Два раза нажать на вызов лифта. И кнопку этажа надавить дважды. Два – хорошее число. Не помню уже, когда я это поняла, но с тех пор два со мной постоянно. Если надо выбрать из девяти и десяти, то я выберу десять, ведь оно делится без остатка на два. Если из пяти и семи – то пять, оно ближе к двойке. Восемь прекрасно, но четыре лучше, потому что первое число есть два в кубе, а второе – в квадрате. Одиннадцать раньше меня настораживало, но когда смотришь на него как на две единицы, становится спокойнее.

Понимаете? Вряд ли. Хотя очень хотелось бы, чтоб кто-то понял. Раньше мне всегда было хорошо самой по себе, но недавно пришло осознание, что число два диктует необходимость найти друга. Вдвоём быть лучше, чем одной.

Два поворота ключа в замке. По два шарканья о коврик каждой ногой.

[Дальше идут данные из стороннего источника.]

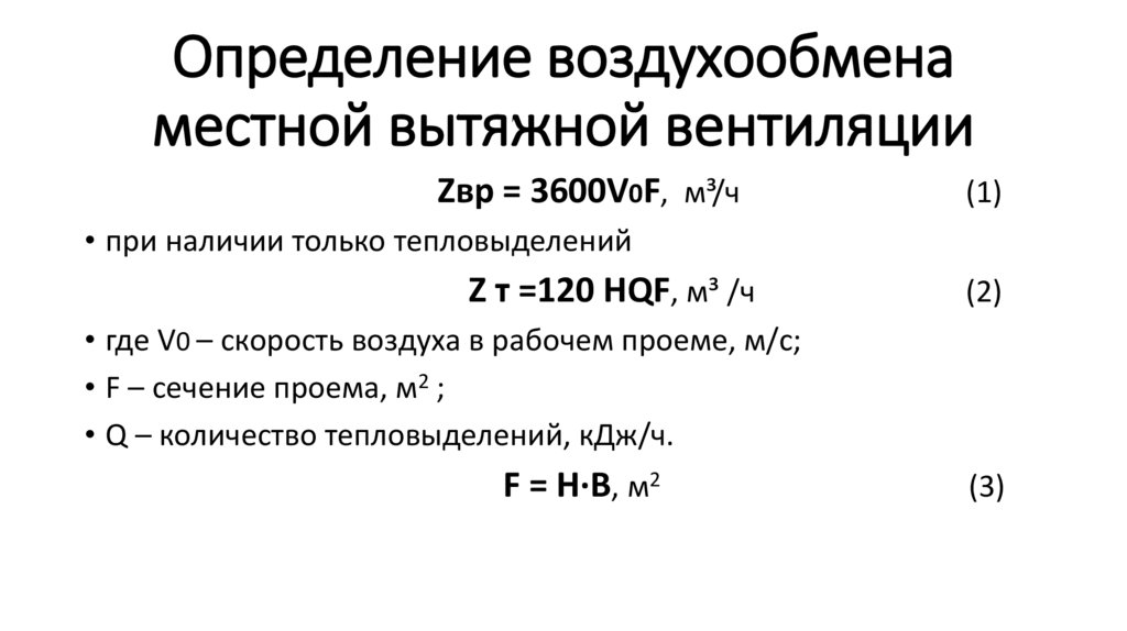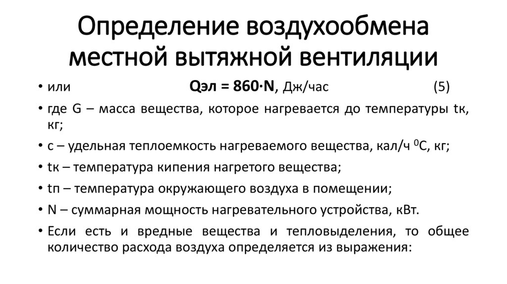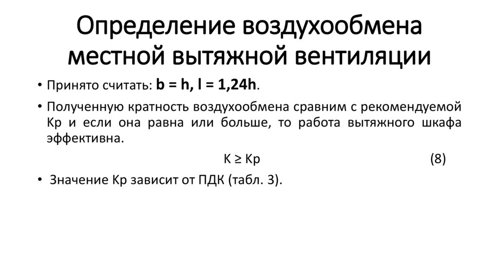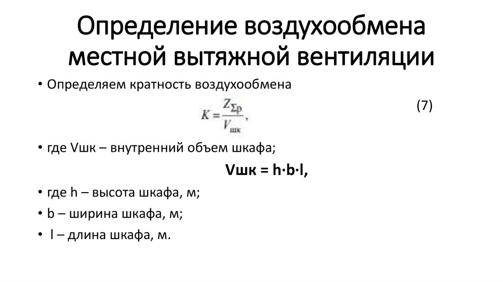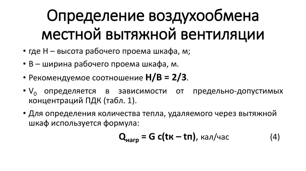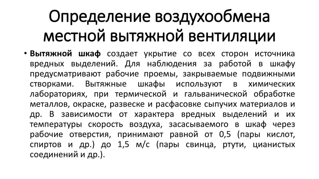 Определение воздухообменаместной вытяжной вентиляции

С кухни доносится лёгкий запах табака. Мама дома. Пытается спешно прибрать на столе: знает, что я не переношу крошки и грязную посуду. Она не ждала меня так рано. И из школы, значит, ей не позвонили… Теперь придётся объясняться. Ненавижу разговоры! Я постоянно беседую внутри, вот как сейчас, и это легко. Но говорить наружу мне очень трудно. Ещё куда ни шло отвечать урок в школе: запомни и выдай параграф из учебника, немного изменяя порядок слов. А вот когда просят рассказать о себе, о своих мыслях и чувствах, я совсем теряюсь.

Мама подошла:

– Маша, что-то ты рано.

Я молчу. Не понимаю, вопрос это был или утверждение. Разобрать интонации и услышать эмоции за словами – трудная для меня задача.

– Вас уже отпустили с уроков?

Ну это явно вопрос.

– Нет.

Мама молчит и ждёт. Она всегда даёт мне шанс заговорить, а я всегда пренебрегаю этим шансом.

Не люблю смотреть в глаза и на лицо собеседнику, но приходится взглянуть мимоходом. Я честно пытаюсь научиться общению, хотя и не понимаю, зачем мне это. Молчать зачастую гораздо проще и приятнее.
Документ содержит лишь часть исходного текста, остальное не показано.